# EXERCISE OBJECTIVE
Exclude the pictures, then repeat exactly each line from the one containing "آب و هوای معتدل" to the final line of the records that follow.

_ _ _ _

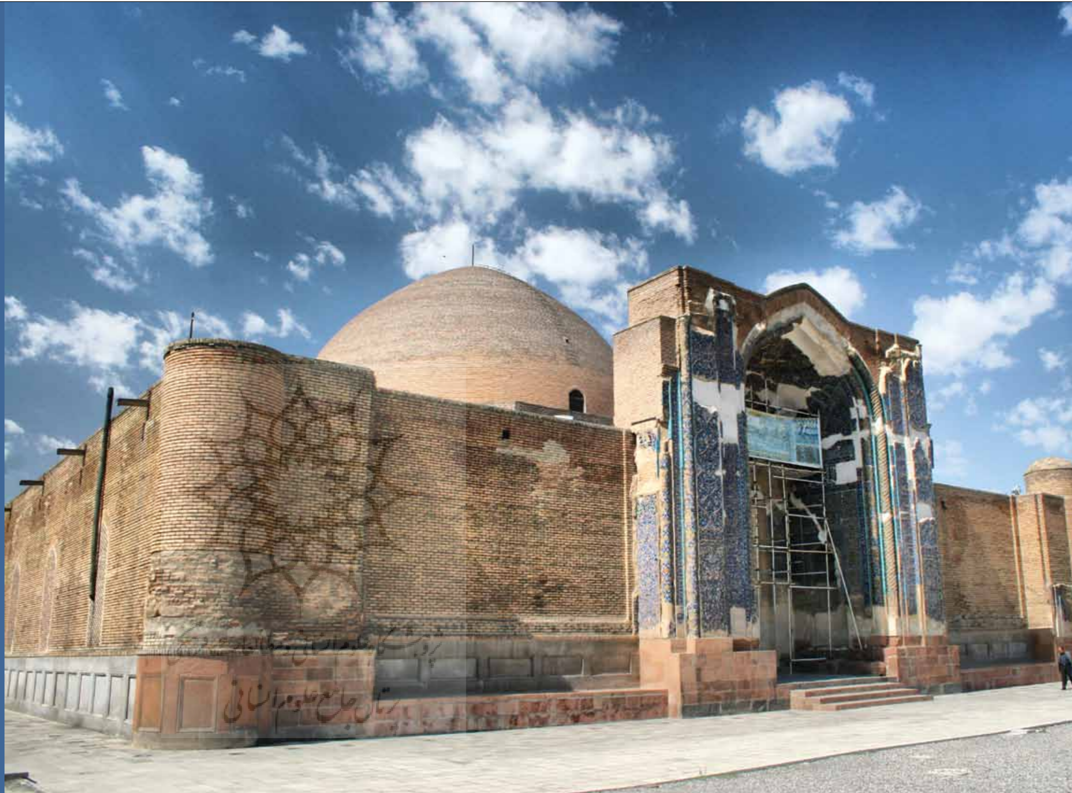
رضا وثوقی / مسجد کبود تبریز

آب و هوای معتدل کوهستانی شهرستان کلبر، به همراه جنگل‌های زیبا و منطقه منحصر به فرد و
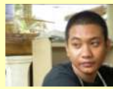
ER (LOOBハウスの ご近所さん)
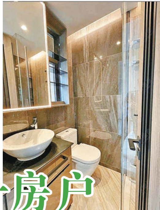
■廁所大型玻璃鏡配合柔和燈光。
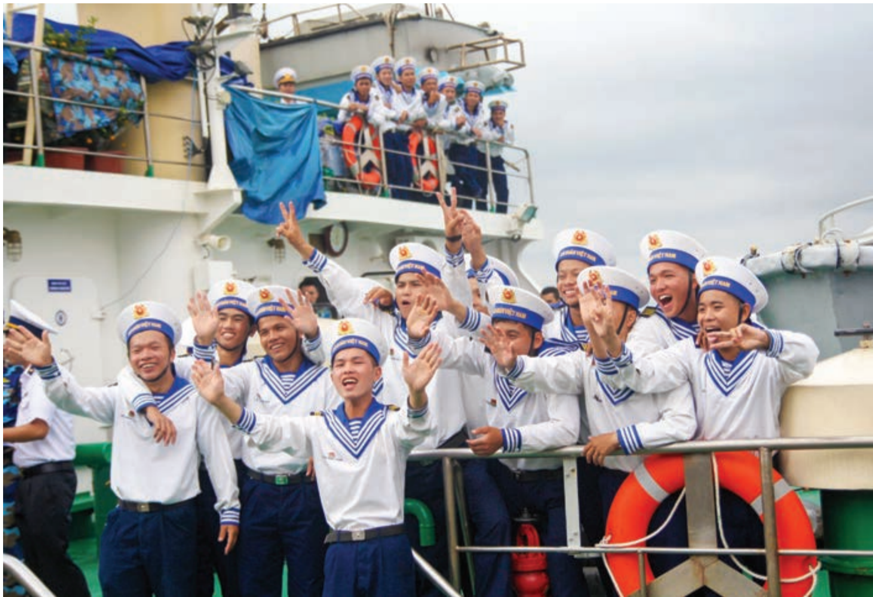
Chiến sĩ trẻ hải quân lên đường ra Trường Sa.
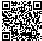
Film HEINE DELTA 20T

_ _ _ _

# TASK RESULT
آب و هوای معتدل کوهستانی شهرستان کلبر، به همراه جنگل‌های زیبا و منطقه منحصر به فرد و
ER (LOOBハウスの ご近所さん)
■廁所大型玻璃鏡配合柔和燈光。
Chiến sĩ trẻ hải quân lên đường ra Trường Sa.
Film HEINE DELTA 20T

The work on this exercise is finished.